A particular part of the podcast I found enlightening centered around the concept of “the mind as a whiteboard.” Here’s Gloria Mark:

So imagine that you have a whiteboard in your mind. And for everything we do, for every task, we need to have a mental model of that task. We need a schema. And so you’ve got this schema about the task you’re working on right now. And then you suddenly switch your attention. It’s like erasing that whiteboard and writing the new information you need, the new mental model. Then we switch again. And we keep doing that.

Now, I’m not talking about switching between Word, and email, and Slack, which might be within the same project. And if we’re switching screens within the same project, then we’re talking about every 47 seconds switching. But when we’re thinking about a larger project, then it comes to about 10.5 minutes.

But the point is, we switch our attention a lot. And this whiteboard analogy I find to be very, very useful. And the reason is, because sometimes, when we switch our attention, we might get really caught up in something like the news. You’re looking at the news, and you read about some horrific event, or these days, political news. And then you switch back to your project, and that event stays with you. It’s a residue.

And it’s just like with an internal whiteboard, it leaves a residue. Sometimes, you can’t erase that whiteboard in real life completely, right? You see traces of what was written on it. Same thing happens in our minds. And that residue can interfere with our current task at hand.

Residue. Sometimes, I feel like I’m swimming through that residue. The schemas I’m holding need focused and sustained attention, and the cludgy remnants of previous mental states and distractions make the thinking I enjoy turn into thinking that is exhausting (and poorly done).
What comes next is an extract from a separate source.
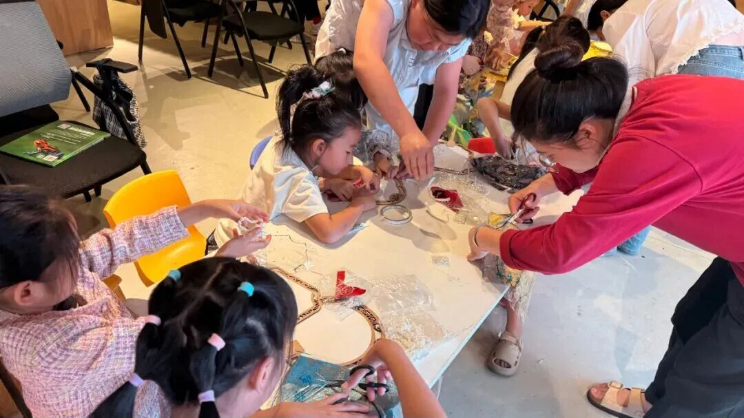 圓形扇框、五彩斑斕的宋錦布片、晶瑩珍珠以及膠水、剪刀……材料剛一發(fā)到手中,孩子們就躍躍欲試。原本興奮雀躍的他們,在工作人員的耐心引導(dǎo)下很快靜下心來,一雙雙小手認真裝點起自己的團扇。“先把宋錦布料平整地貼在扇框上,注意邊角要對齊!”“珍珠可以拼成你喜歡的小花、星星,大膽試試吧!”工作人員穿梭在孩子中間,不時俯身指導(dǎo)。

Take that Learning, Make it Real

Gloria has a few suggestions:

  1. Take sufficient breaks. To me, this means walking. It does NOT mean checking social media.
  2. Understand your personal attentional rhythm. I think I have a fairly good grasp on my rhythm. Mornings are the best for thinking (although intellectual reading before bed is growing on me). Midmorning for writing. And the afternoon is for the daily grind that features far more code and attention switching.
  3. Instead of todo lists, consider your day an attention hike with peaks and valleys. Do the thinking and creative work during the peaks. I am a huge todo list doer. But I like the idea of structuring todos into buckets of attention match to my attentional rhythm.
  4. Practice forethought – imagining how our current actions will affect our future selves. This helps keep on track during the moments of the day.
  5. Keep your goals in mind (future post!).